» **Problem statement**:
Repeat the listing word for word. No pictures belong in the copy.
[Exercise data — start]
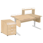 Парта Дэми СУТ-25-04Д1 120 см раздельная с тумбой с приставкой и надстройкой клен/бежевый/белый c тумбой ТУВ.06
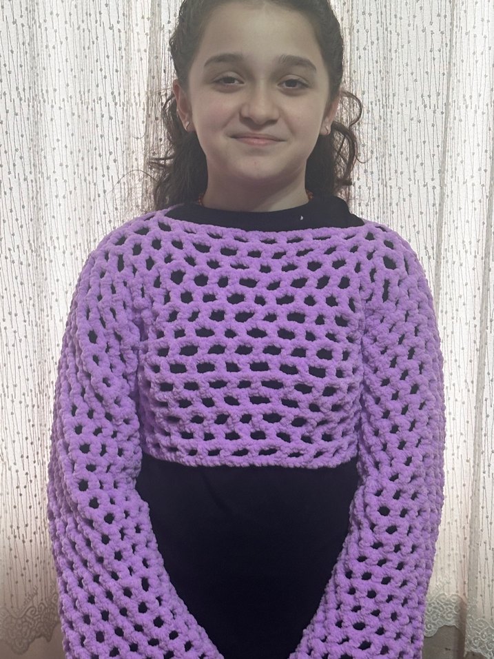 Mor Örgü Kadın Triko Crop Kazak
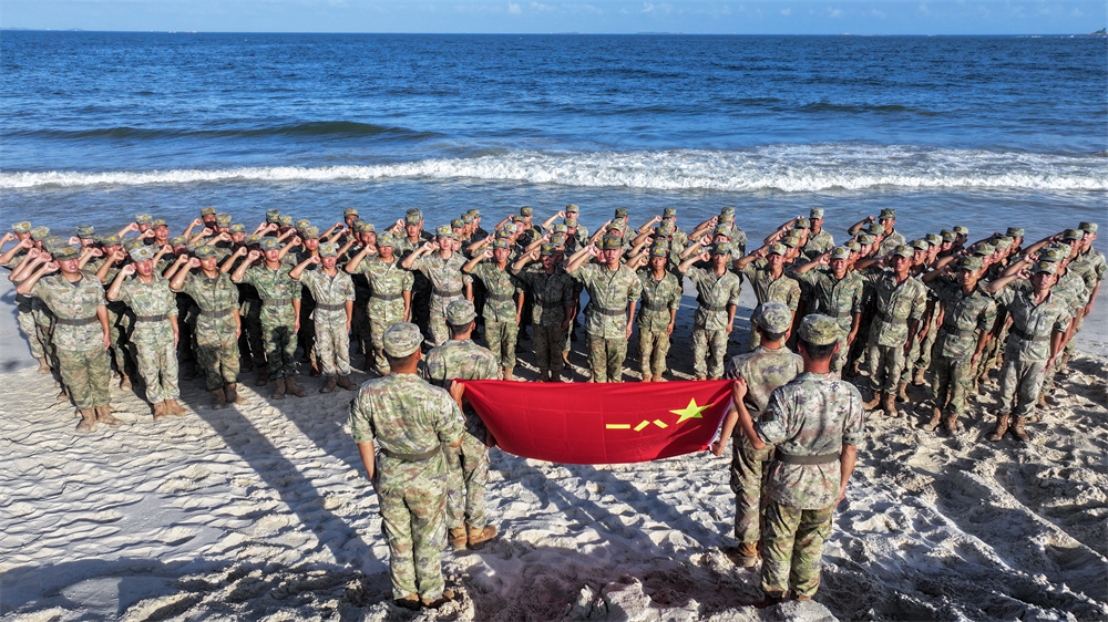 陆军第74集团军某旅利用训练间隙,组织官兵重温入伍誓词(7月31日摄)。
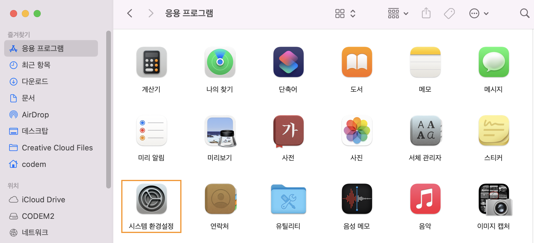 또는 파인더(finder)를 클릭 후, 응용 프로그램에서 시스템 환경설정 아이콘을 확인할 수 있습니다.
[Exercise data — finish]
» **Result**:
 Парта Дэми СУТ-25-04Д1 120 см раздельная с тумбой с приставкой и надстройкой клен/бежевый/белый c тумбой ТУВ.06
 Mor Örgü Kadın Triko Crop Kazak
 陆军第74集团军某旅利用训练间隙,组织官兵重温入伍誓词(7月31日摄)。
 또는 파인더(finder)를 클릭 후, 응용 프로그램에서 시스템 환경설정 아이콘을 확인할 수 있습니다.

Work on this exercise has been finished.